# Condo prices in JBR



## incommunicated (Feb 27, 2011)

What would be price of a 1200 square feet one bedroom condo and a 1500 square feet condo 2 bedroom condo in JBR
What would be a bargain price and a good deal both for buying and renting?

I like both Dubai Marina and JBR but picked JBR for the question as most buildings there look pretty much the same.

Should someone go for the view or look for a lower unit on the shade of other buildings?


----------



## Jumeirah Jim (Jan 24, 2011)

Have a look on dubizzle or propertyfinder.ae


----------



## incommunicated (Feb 27, 2011)

Jumeirah Jim said:


> Have a look on dubizzle or propertyfinder.ae


Thanks.
Bhomes is also good and there are others but I want to know from people that are not trying to sell me a condo. Want to know at what price the properties are being sold instead of the asking price
Also want to know which orientation and height is best. I visited in winter and having a sunny location was great but in summer it may be hell.


----------



## Jumeirah Jim (Jan 24, 2011)

incommunicated said:


> Thanks.
> Bhomes is also good and there are others but I want to know from people that are not trying to sell me a condo. Want to know at what price the properties are being sold instead of the asking price
> Also want to know which orientation and height is best. I visited in winter and having a sunny location was great but in summer it may be hell.


Not a bad idea to ask better homes to show you around a few places but they are usually way out when it comes to price. Dubizzle and propertyfinder will get you closer to the real price. Trouble you will have is there aren't that many sales going on and those that happen the prices aren't made public. 

Why do you want to buy in JBR? I lived inthe Marina for a couple of years but would never consider renting in JBR as it's so poorly maintained and has no facilities. If buying I would have serious concerns about how things will be there is 5-10 years.


----------



## incommunicated (Feb 27, 2011)

I also prefer Dubai Marina but the buildings there are so different that it is hard to compare or set a price per suare feet but in JBR all buildings are pretty much the same so it is easy to compare.
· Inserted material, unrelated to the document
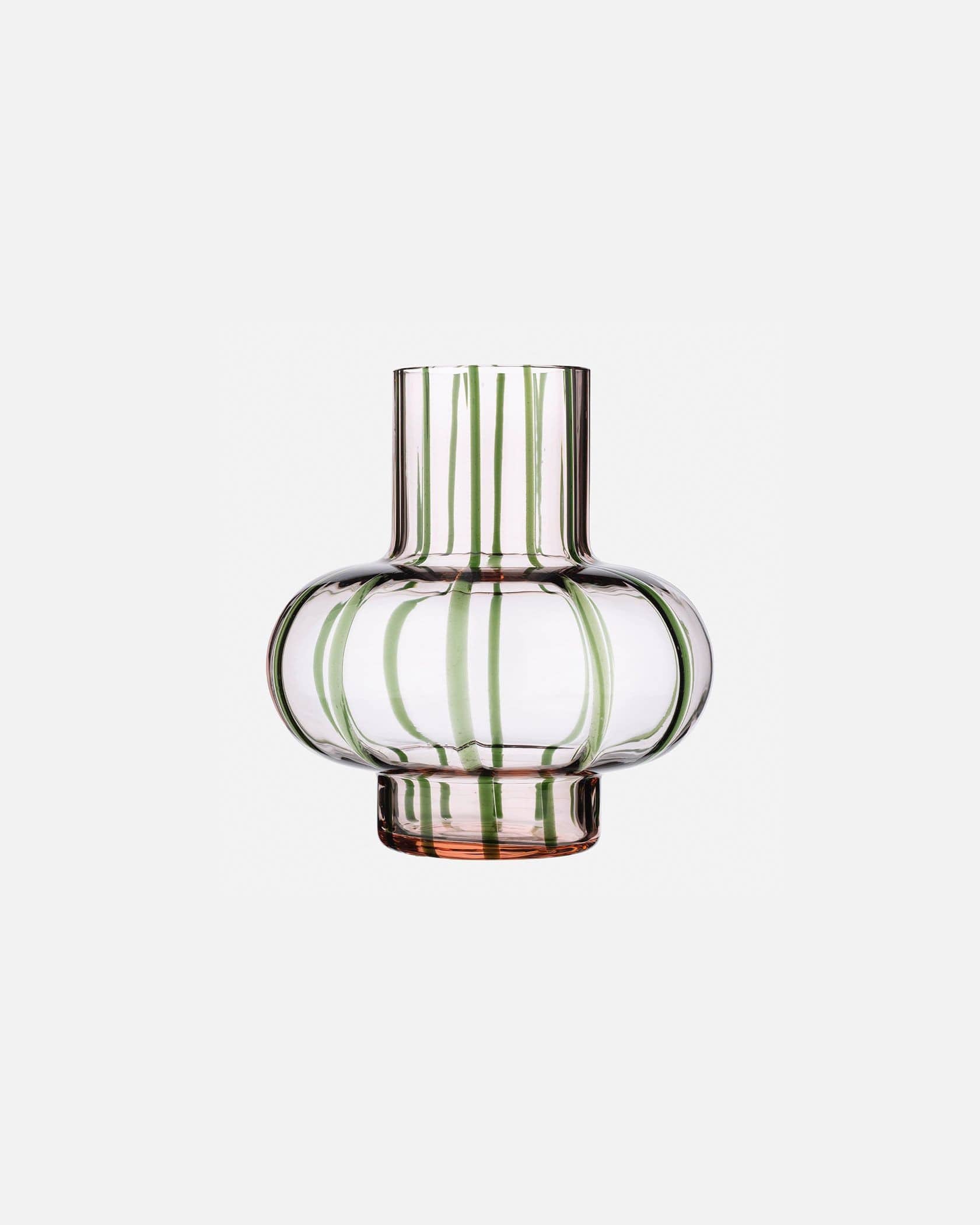 ファッションからインテリア雑貨まで幅広いジャンルで人気のMarimekkoから、Umpuフラワーベースが登場です。直線と曲線を組み合わせたモダンなフォルム、透明なガラスに映えるグリーンのラインが花や草木を引き立てます。花瓶としてはもちろん、そのままお部屋に飾るのもおすすめのアイテムです。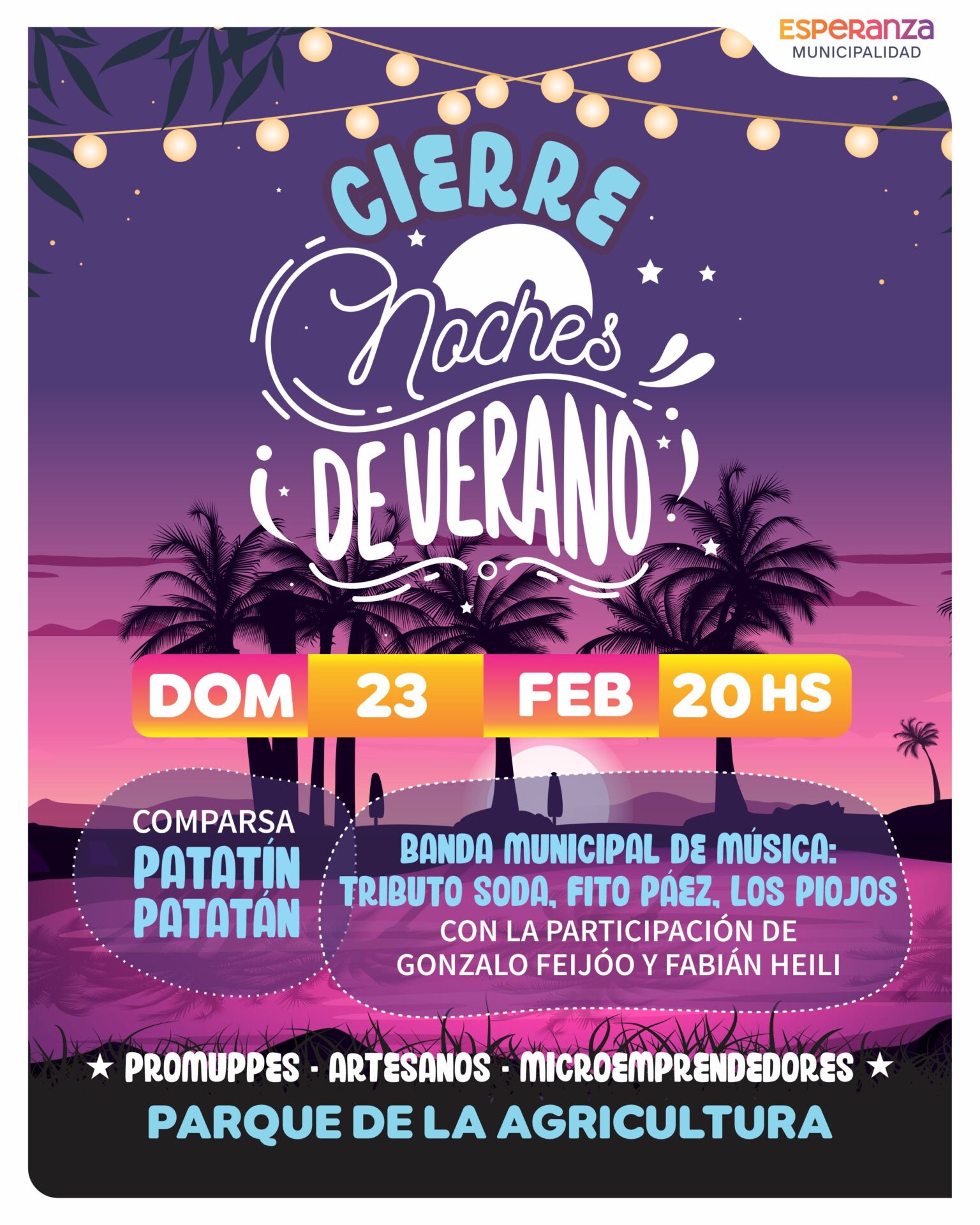 👉 20 h: 🌜 Cierre Noches de Verano 🌜 : Banda Municipal de Música Tributo Soda Stereo, Fito Páez, Los Piojos, con la participación de Gonzalo Feijóo en voz y Fabián Heili en guitarra. Comparsa Patatín Patatán. En el Parque de la Agricultura.

I also noticed that some buildings like "Trident The Waterfront" where the prices per square feet seem to be good. Saw one with 2300 square feet listed for 1.9million Dhs but the expenses are very high as they offer many services like central AC for the whole building. Do not like that as I will spend many months abroad and prefer to shut off the eair and not pay for it.


----------



## wandabug (Apr 22, 2010)

In previous posts you are asking about setting up in a free zone so that you can get a visa. Jumeirah Lake Towers( across the rod from Marina)is a multi-business Free Zone. Residential is selling for dhs.700 per sq.ft. Office space is selling for dhs.550+ per sq.ft. Office rental in JLT is very cheap now due to so oversupply.


----------



## Jumeirah Jim (Jan 24, 2011)

incommunicated said:


> I also prefer Dubai Marina but the buildings there are so different that it is hard to compare or set a price per suare feet but in JBR all buildings are pretty much the same so it is easy to compare.
> 
> I also noticed that some buildings like "Trident The Waterfront" where the prices per square feet seem to be good. Saw one with 2300 square feet listed for 1.9million Dhs but the expenses are very high as they offer many services like central AC for the whole building. Do not like that as I will spend many months abroad and prefer to shut off the eair and not pay for it.


I understand it's hard to compare buildings in the Marina. Try to focus on developers there instead. Trident have several buildings as do Emaar (some of the best but priciest). 

AED 900 psf should get you somewhere very decent. 

I'd pay nothing like that for JBR. It was only ever designed for affordable housing for "blue collar" workers. Unfortunately Dubai Properties realised that they could exploit the seafront location and Market it as high end, with prices to match but not the quality.


----------



## incommunicated (Feb 27, 2011)

Looks like prices are still going down or am 
I reading the signs wrongly


----------



## bluefoam (Jan 27, 2011)

Whats the difference between a condo and an apartment?


----------



## incommunicated (Feb 27, 2011)

In America you can buy a condo but have to rent an apartment. In Dubai both words mean the same.
Are property prices in Dubai Marina an JBR going up or down?
Also. if you decide to buy, how do you go about doing it safely?


----------



## wandabug (Apr 22, 2010)

incommunicated said:


> In America you can buy a condo but have to rent an apartment. In Dubai both words mean the same.
> Are property prices in Dubai Marina an JBR going up or down?
> Also. if you decide to buy, how do you go about doing it safely?


By purchasing through a reputable real estate company. Check out RERA website for guidelines.


----------